(Stored data)
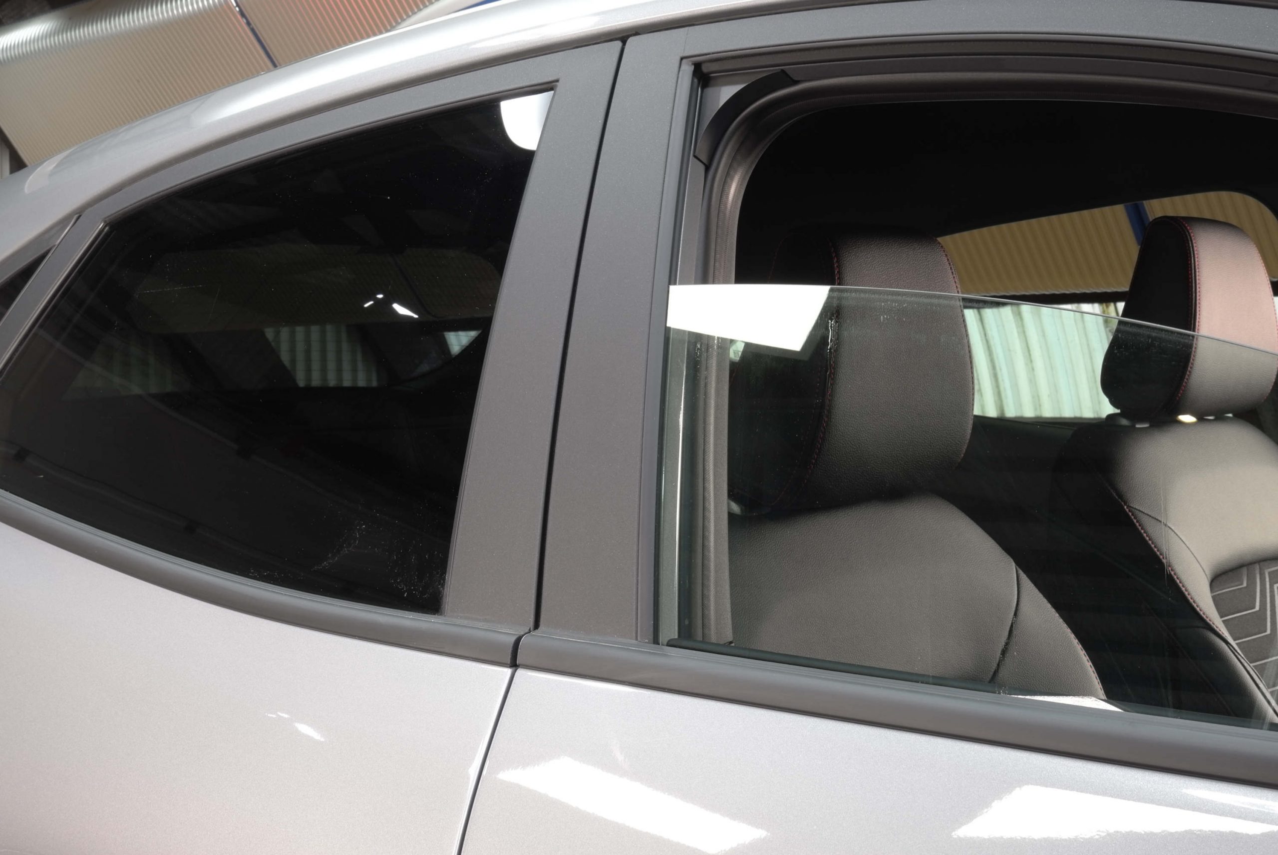 Schicke 18 Zoll Leichtmetallfelgen in silber/schwarz unterstreichen den sportlichen Charakter ebenso wie die abgedunkelten Scheiben hinten, der Heckspoiler und die schicken Polster in Leder-/Stoff. \\ \\
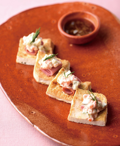 6. 두부를 한입 크기로 잘라준 후 슬라이스햄과 샐러드를 올려 소스랑 함께 완성한다.
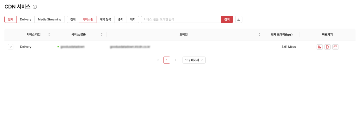 CDN 서비스 목록 입니다. 서비스 타입과 상태를 필터링 하여 조회 할 수 있습니다.
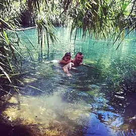 The Berry Springs Nature Park is a public recreation area that includes bushwalking trails, picnic areas and a kiosk where refreshments are available. The park is centred on the springs and catchment which are the source of water for Berry Creek. The clear waters of the pools created by the springs are ideal for observing the aquatic life within, and access is provided for swimming to escape the tropical heat. Information displays are provided detailing the native plants, wildlife and history of the area. The park is open all year round, but during the months of October - April may be closed for swimming depending on local conditions.[9]
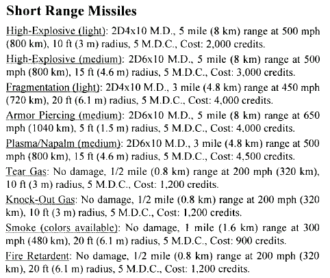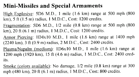 Weapons System: Wing Rockets Damage: Varies, see missiles below. Effective Range: Varies with missile type, 1-5 miles. Rate of Fire: May be fired singularly, or in volleys of 2, 3, or 4 (a volley counts as one melee attack regardless of the number of missiles laubched in the volley.) Payload: A total of either 12 mini-missiles or 6 short range missiles. Primary Purpose: Anti-aircraft/armoured vehicle.
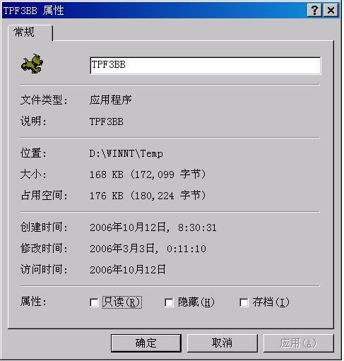 最近中了一种病毒,它会在我的系统盘下的winnt/temp下自动生成一个文件名六位长度,包含数字和字母的可执行文件,如tpf3bb,长度只有160几个字节。据我观察,这个文件名应该是随机生成的。在进程中可以发现该执行文件,而且无法终止,我使用了PowerRmv这个可以杀灭文件的工具将其杀死,然后会发现在同一目录下生成同名的空文件夹。再次启动后,又会在同一位置生成新的可执行文件,当然文件名不同了。利用网络搜索,没有发现有关该病毒的帖子,当然不排除我找的不仔细。该文件的图标都是一个奔跑中的褐色小狗。我用趋势杀毒扫描以及ewido扫描都没有把它扫出来。唯一有问题的地方的就是在读移动硬盘的时候,无法识别卷标,会自动指定到什么tmp0.1st.exe之类的东西,还让我选择打开程序,当然右键打开就没事了,当然这也可能是我中了其他病毒。请教高手,这是个什么东西?怎么杀死他?
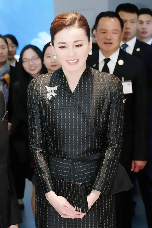 她的穿搭,也成了 “外交语言”—— 深灰色的沉稳,象征对两国关系的珍视;中式立领与泰式剪裁的融合,暗喻中泰文化的交融。
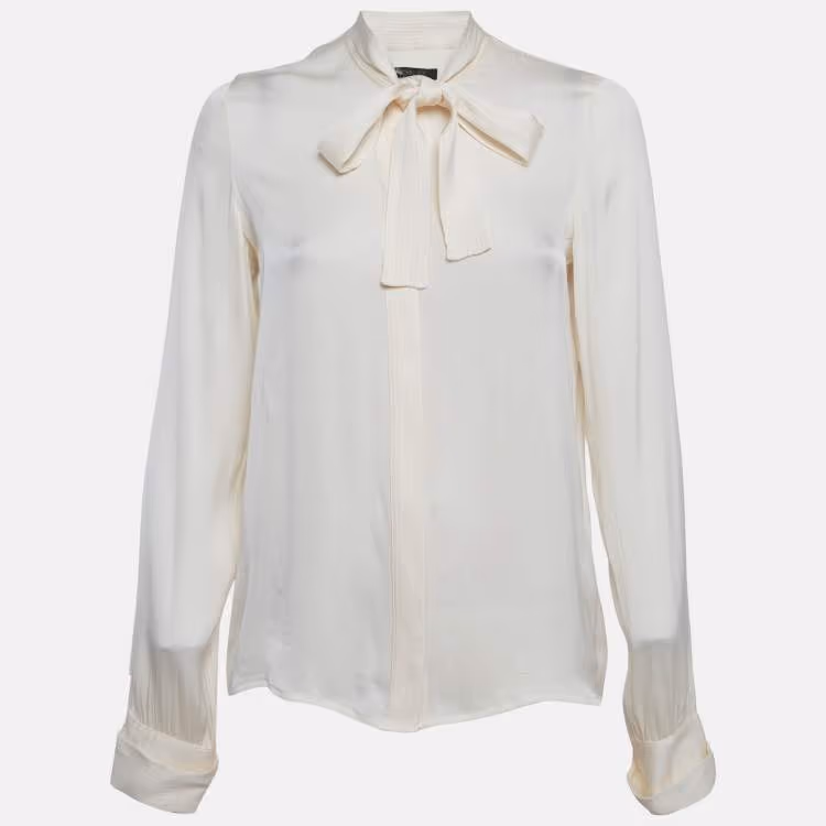 Pre Owned Rachel Zoe Cream Silk Blend Tie Collar Blouse S

▶ **ABOUT THIS TASK**
Retype each line of the data exactly, beginning with the first; include the line containing "CDN 서비스 목록 입니다." and stop there, skipping every picture.

▶ **OUTPUT**
 Schicke 18 Zoll Leichtmetallfelgen in silber/schwarz unterstreichen den sportlichen Charakter ebenso wie die abgedunkelten Scheiben hinten, der Heckspoiler und die schicken Polster in Leder-/Stoff. \\ \\
 6. 두부를 한입 크기로 잘라준 후 슬라이스햄과 샐러드를 올려 소스랑 함께 완성한다.
 CDN 서비스 목록 입니다. 서비스 타입과 상태를 필터링 하여 조회 할 수 있습니다.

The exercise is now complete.